The Cybersecurity and Infrastructure Security Agency is continuing to centralize federal network resiliency efforts with the release of its first capacity enhancement guides.
The seven CEGs released in November advise agencies on how to expand the abilities to counter phishing; guard against malvertising; authenticate users; remotely patch vulnerabilities; protect remote printing; and secure mobile devices.
Rather than mandate that agencies buy specific technologies — as they implement zero-trust security architectures, per the May cybersecurity executive order — the evolving documents encourage a culture shift in building the right cyber stack.
“Anytime that somebody is talking about cyber in this realm, at this level, it’s beneficial, and agencies are going to take notice,” Tony D’Angelo, vice president of public sector at Lookout, told FedScoop. “Depending on where you are as an agency, [the CEGs] will either be a checklist, an affirmation of where you are, or a pretty strong recipe for getting where you need to be.”
The CEGs offer “pretty comprehensive” guidance, and agencies looking for a place to start should consider the counter-phishing recommendations, D’Angelo added.
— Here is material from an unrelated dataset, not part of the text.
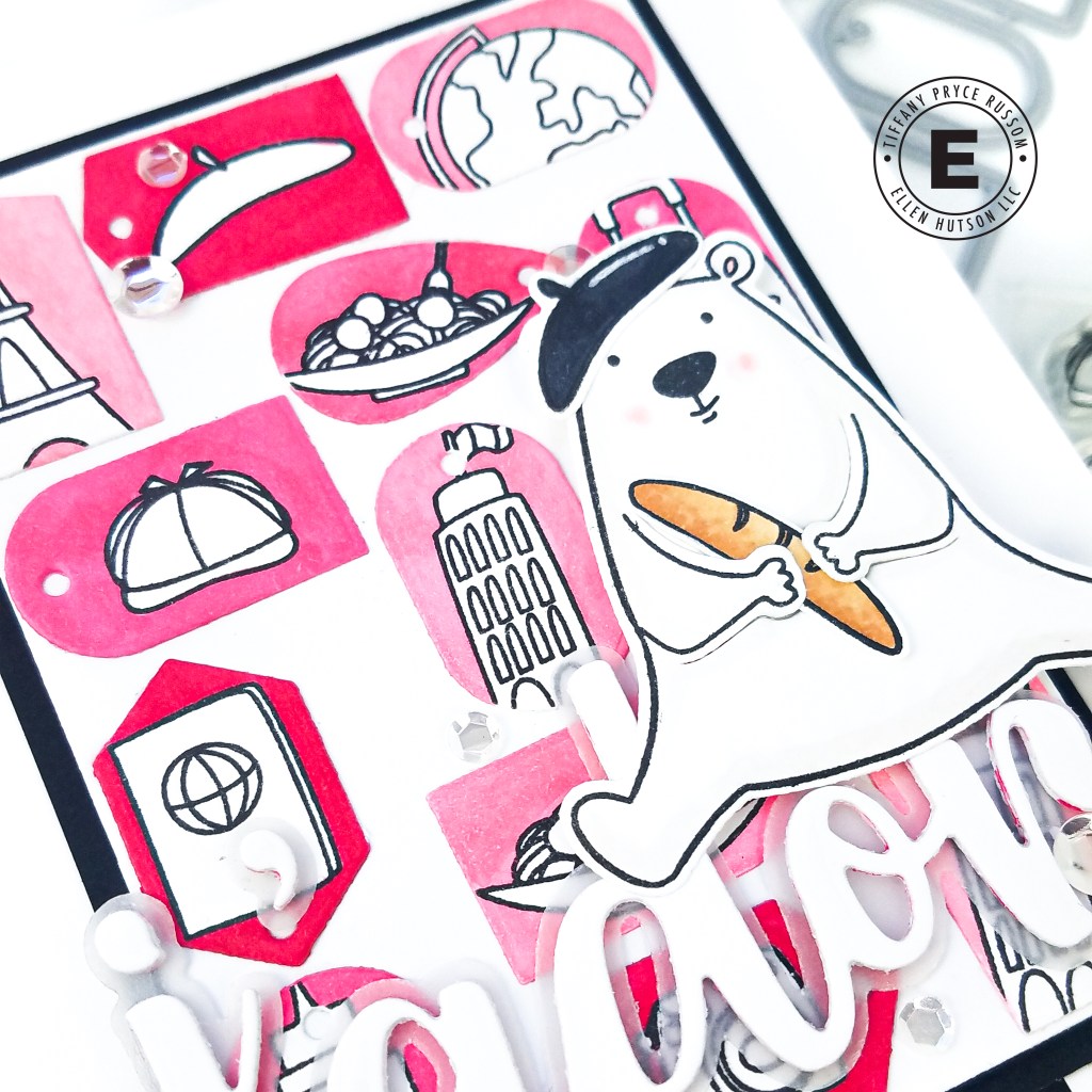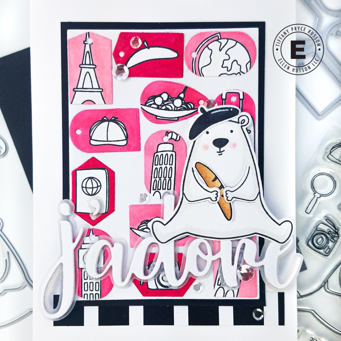 Hey there! Do you ever get struck with an idea and have to stop everything to make it? Well, that’s what happened to me last night! I was randomly looking through my sentiment die stash to see what I had and stumbled upon the Honey Bee Stamps Adore die. When this die came out, I had to have it because I love all things French, but I never actually used it. I recently got the Bear Ware Grand Tour stamp and die set from Ellen Hutson and knew that the two products would pair perfectly together. The result is this CAS, graphic card that I think is super cute. Check out the easy step-by-step below.

Phishing and ransomware pose the two biggest threats to agencies, with the former on the rise on mobile devices via text messages as a way to harvest federal credentials. CISA‘s CEG on phishing recommends technical capabilities for hardening email systems, web browsing and mobile endpoints against such attacks.
“If you focus on that threat specifically, you’re going to pick solutions in your security stack that address a lot of the things we’ve been talking about — whether it’s a cloud-based [secure access service edge] solution or down to the endpoint,” D’Angelo said.
The inclusion of mobile device security checklists for organizations and consumers is refreshing because that aspect of cybersecurity went largely unaddressed prior to the rise of remote work during the pandemic, he added.
Bring-your-own-approved-device (BYOAD) initiatives are on the rise, both at civilian agencies and the Department of Defense. But whether an employee is using government-furnished equipment (GFE) or their personal mobile device, management is needed — in the form of a mobile device management (MDM) or mobile application manager (MAM) solution — as is mobile threat defense.
Between 65% and 75% of GFE and personal mobile devices on federal networks lack the latter, which can ride on top of either an unmanaged device or an MDM or MAM solution, D’Angelo said.
The CEGs do a good job of introducing such concepts, although the harder part is getting employee buy-in for BYOAD initiatives.
“That’s always one of the biggest challenges in a BYOAD scenario, is convincing that end user that you’re not spying on them — that you’re only there to protect the device,” D’Angelo said. “And that comes in a couple of different flavors whether it’s phishing; maybe app vulnerability; app scanning; the actual vulnerabilities of the [operating system] itself, whether it’s iOS or Android; and then things like network-based attacks; or free Wi-Fi in coffee shops, airports, things like that.”